The material below holds the lines to copy: from the one with "早起困难户小明被金号宝宝叫醒" up to and including the one with "Bej renkte, uzun". Copy them exactly and skip the pictures.

(DATA RECORDS Opens)

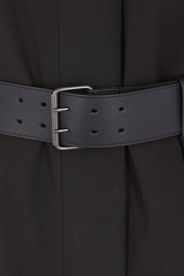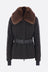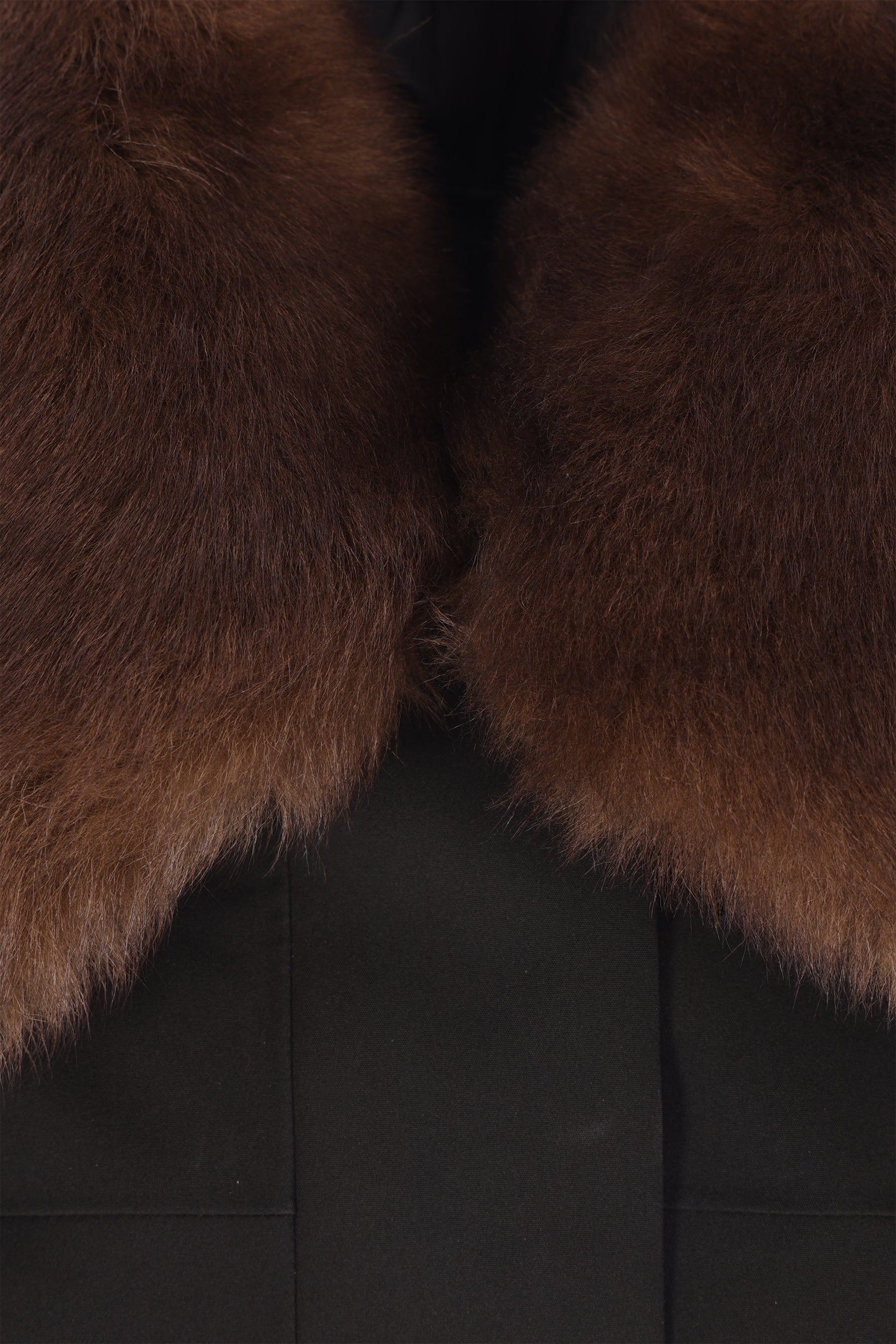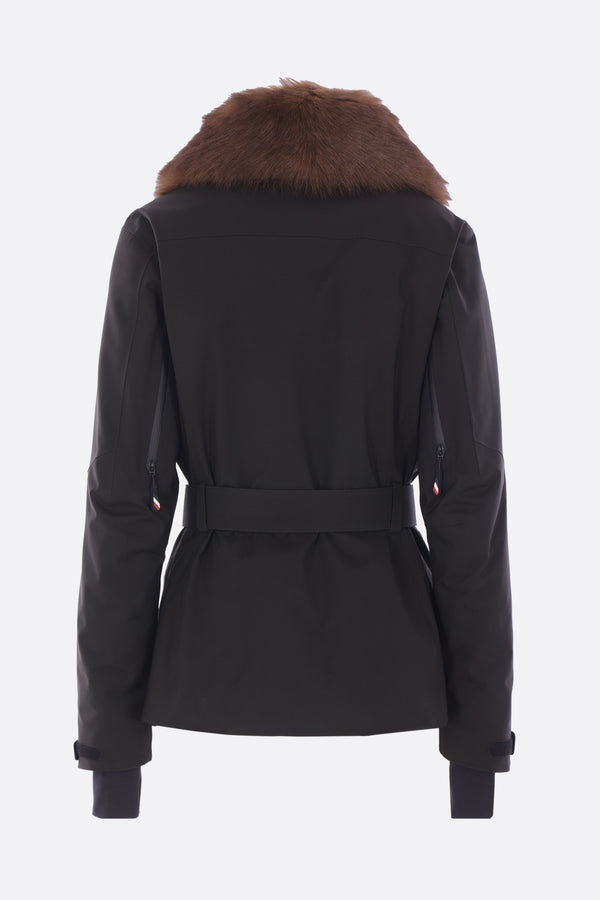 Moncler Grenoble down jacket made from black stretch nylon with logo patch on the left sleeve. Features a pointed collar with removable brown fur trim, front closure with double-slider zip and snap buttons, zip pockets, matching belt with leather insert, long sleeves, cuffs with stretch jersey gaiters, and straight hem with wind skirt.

(DATA RECORDS Closes)
(DATA RECORDS Opens)

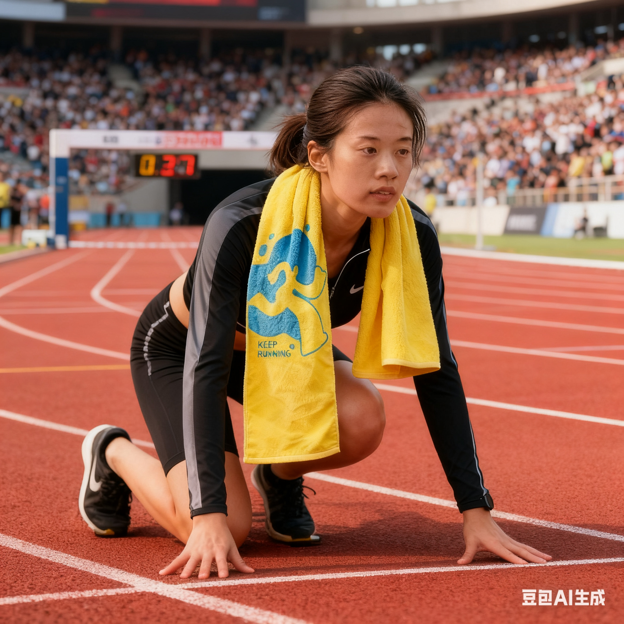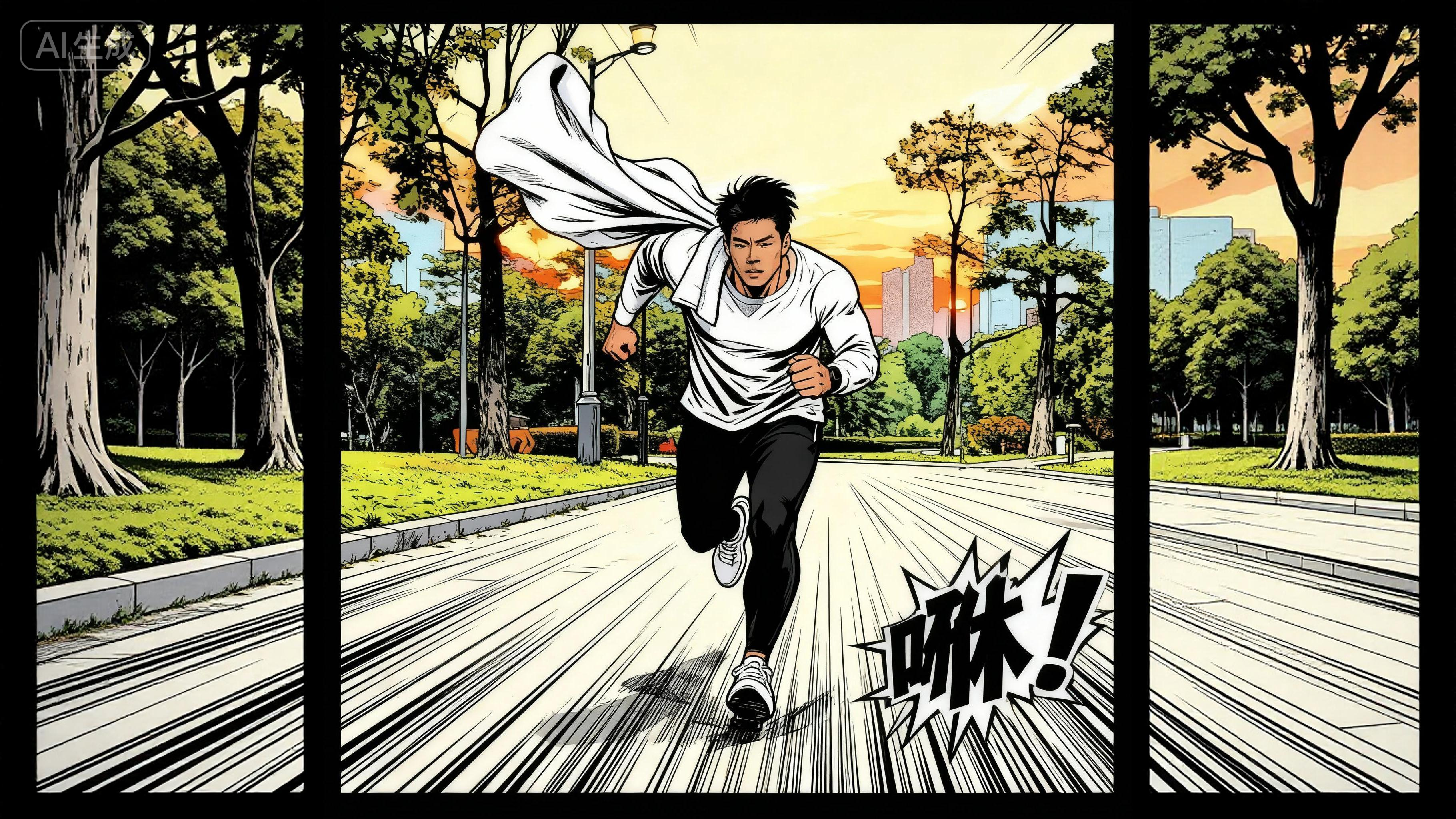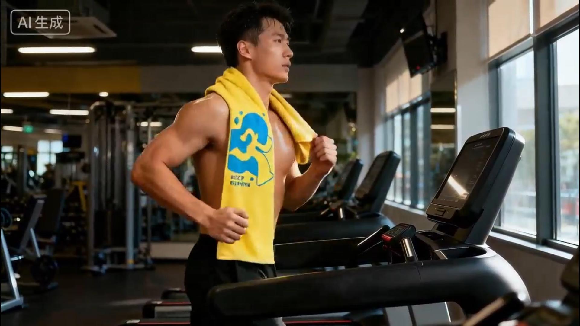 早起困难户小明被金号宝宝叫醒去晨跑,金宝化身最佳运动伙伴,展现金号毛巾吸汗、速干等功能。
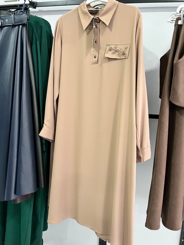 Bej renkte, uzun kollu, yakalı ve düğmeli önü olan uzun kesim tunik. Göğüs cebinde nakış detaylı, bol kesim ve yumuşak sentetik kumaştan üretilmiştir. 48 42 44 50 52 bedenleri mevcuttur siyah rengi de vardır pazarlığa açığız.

(DATA RECORDS Closes)

REPLY TO THE TASK:
 早起困难户小明被金号宝宝叫醒去晨跑,金宝化身最佳运动伙伴,展现金号毛巾吸汗、速干等功能。
 Bej renkte, uzun kollu, yakalı ve düğmeli önü olan uzun kesim tunik. Göğüs cebinde nakış detaylı, bol kesim ve yumuşak sentetik kumaştan üretilmiştir. 48 42 44 50 52 bedenleri mevcuttur siyah rengi de vardır pazarlığa açığız.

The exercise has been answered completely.